Wednesday, November 25, 2015

The Politics of Fear

Jeff Greenfield has written an article that sparked a lot of thought for me titled: Getting the Politics of Fear Right. He acknowledges that following the Paris attacks, Donald Trump "went on a fear-mongering bender." But then, he finds President Obama's response to be problematic as well.
Meanwhile President Obama has tacked sharply in the other direction, playing down the public's anxiety, defiantly continuing to downgrade the possibility of an attack on the U.S. and the capabilities of Islamic State...Obama's dismissiveness is no doubt one reason for Trump’s popularity; clearly many voters believe our current crop of leaders—starting with the president—have been too inattentive to their fears.
This is not an uncommon critique of President Obama. Way back in 2010 during the Deepwater Horizon oil spill, Maureen Dowd led a chorus of people complaining about the fact that the President didn't seem to feel our panic.
President Spock’s behavior is illogical.

Once more, he has willfully and inexplicably resisted fulfilling a signal part of his job: being a prism in moments of fear and pride, reflecting what Americans feel so they know he gets it.
So this is nothing new. But it does make me think about what it is we want in a leader. I was reminded of a powerful diary written years ago by a blogger named Hamden Rice about the leadership of Martin Luther King.
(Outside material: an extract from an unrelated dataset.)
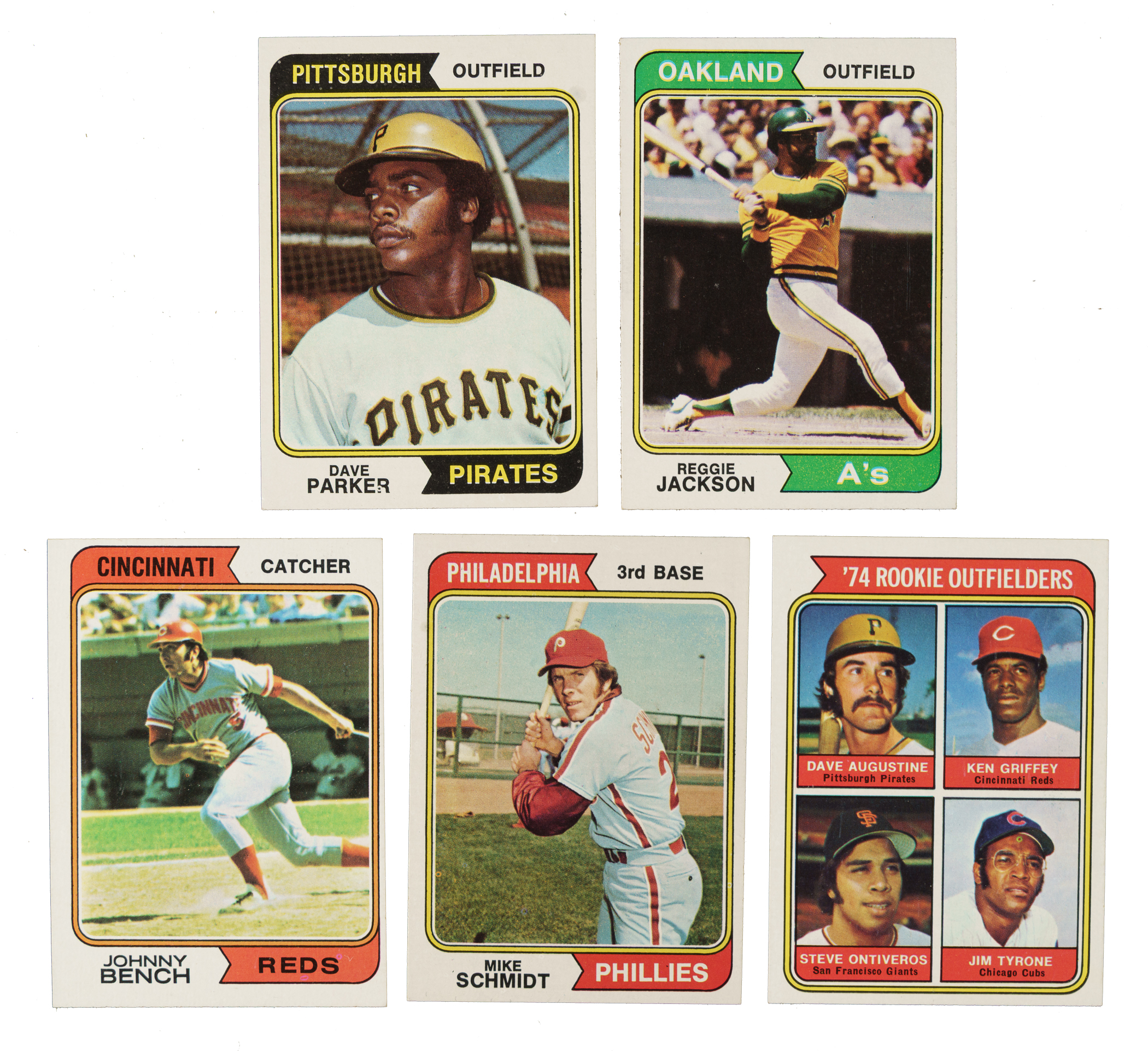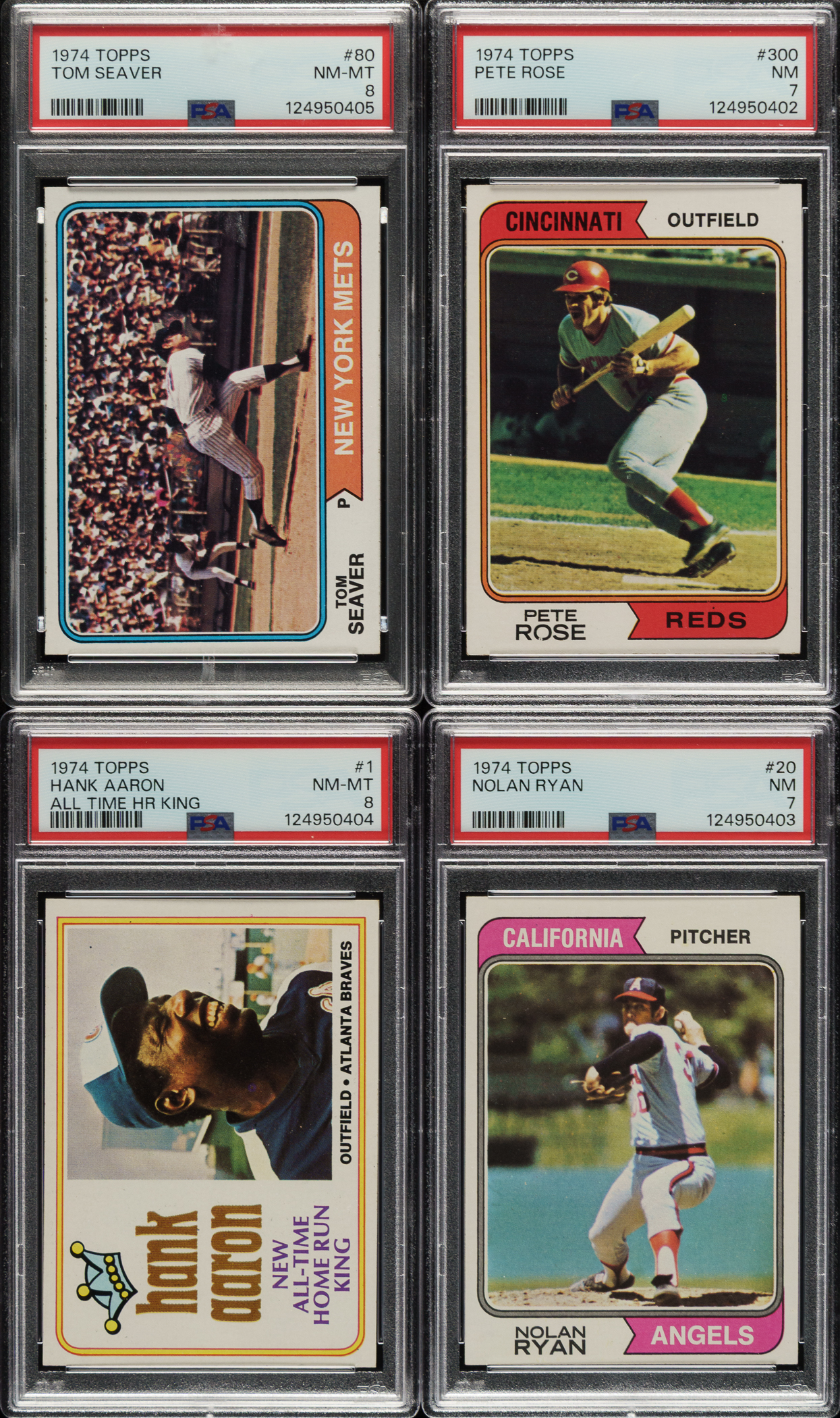Presented is a very attractive mid- to high-grade collection of 1974 Topps baseball cards consisting of a near-complete set of 649 different basic cards (out of 660), a complete Traded set of forty-four cards, and a complete Team Checklist set of twenty-four cards. Missing the following eleven cards for completion: #9, 52, 69, 131, 132, 189, 220 Sutton, 408, 456 Winfield, 530, and 571. Condition is 41% Nr/Mt to Nr/Mt-Mt, 50% Ex to Ex-Mt, and 9% Vg to Vg-Ex. We have selected four cards for grading and encapsulation by PSA. Keys: #1 Aaron (NM-MT 8), 10 Bench (Vg-Ex), 20 Ryan (NM 7), 80 Seaver (NM-MT 8), 130 Jackson (Ex+), 252 Parker RC (Ex-Mt+), 283 Schmidt (Ex-Mt), 300 Rose (NM 7), and 598 Griffey Sr. RC (Nr/Mt). Condition of the Traded set ranges from Ex to Nr/Mt-Mt (averaging Ex-Mt), with a couple slightly lesser. Condition of the team checklists ranges from Ex to Nr/Mt (averaging Ex/Ex-Mt), with a couple slightly lesser. This is a very impressive, mostly high-grade 1974 Topps collection with several notable highlights. Total: 717 cards (near set of 649 plus traded series of 44 and 24 team checklists).

The parallels with our current situation eventually break down, but Rice pointed out that King emerged to lead African Americans during a time that they were experiencing the terrorism of Jim Crow.
But this is what the great Dr. Martin Luther King accomplished. Not that he marched, nor that he gave speeches.

He ended the terror of living as a black person, especially in the south...

It wasn't that black people had to use a separate drinking fountain or couldn't sit at lunch counters, or had to sit in the back of the bus...

It was that white people, mostly white men, occasionally went berserk, and grabbed random black people, usually men, and lynched them. You all know about lynching. But you may forget or not know that white people also randomly beat black people, and the black people could not fight back, for fear of even worse punishment.

This constant low level dread of atavistic violence is what kept the system running. It made life miserable, stressful and terrifying for black people.
And what was King's response to that terror?
They told us: Whatever you are most afraid of doing vis-a-vis white people, go do it. Go ahead down to city hall and try to register to vote, even if they say no, even if they take your name down.

Go ahead sit at that lunch counter. Sue the local school board. All things that most black people would have said back then, without exaggeration, were stark raving insane and would get you killed.

If we do it all together, we'll be okay.
One has to wonder if folks like Greenfield and Dowd had been around back then, would they have complained that MLK was too inattentive to their fears?

When it comes to the current threat of terrorism, President Obama plays a very different role in this country than the one Dr. Martin Luther King did all those decades ago. But interestingly enough, today his message sounded pretty similar.
What happened in Paris is truly horrific. I understand that people worry that something similar could happen here. I want you to know that we will continue to do everything in our power to defend our nation...

But it’s not just our security professionals who will defeat ISIL and other terrorist groups. As Americans, we all have a role to play in how we respond to threats. Groups like ISIL cannot defeat us on the battlefield, so they try to terrorize us at home -- against soft targets, against civilians, against innocent people. Even as we’re vigilant, we cannot, and we will not, succumb to fear. Nor can we allow fear to divide us -- for that’s how terrorists win. We cannot give them the victory of changing how we go about living our lives.
In thinking all this through, I came to the conclusion that - for me - that is exactly the kind of leadership I think this country needs to combat the politics of fear.

1 comment:

  1. Although Richard Hofstadter's amazingly insightful work, "The Paranoid Style in American Politics" shows the enduring presence of fear in American democracy, it seems rather a coveted reaction these days. I cannot wrap my mind around the politics of unrelenting fear. It's so debilitating to the one who is afraid. I think much of it is the legacy of Cold War paranoia about 'commies' that has morphed almost seamlessly into a fear of any 'other'. On the Left the fear rightly began with JEdgar's spying on civil rights people then on anti-war people, COINTELPRO and many other abuses.

    But what happened to "the only thing we have to fear - is fear itself"? That carried us through many far more dark and serious dangers to our nation. What I have admired about this president is that enduring affirmation. We lose when we capitulate to fear.

    We need a backbone, a standard such as the wonderful British "Keep calm and carry on" of the blitz. We win when we refuse to give in. We lose when we allow ourselves to be terrorized. That IS the point of terrorism. We need to keep remembering that.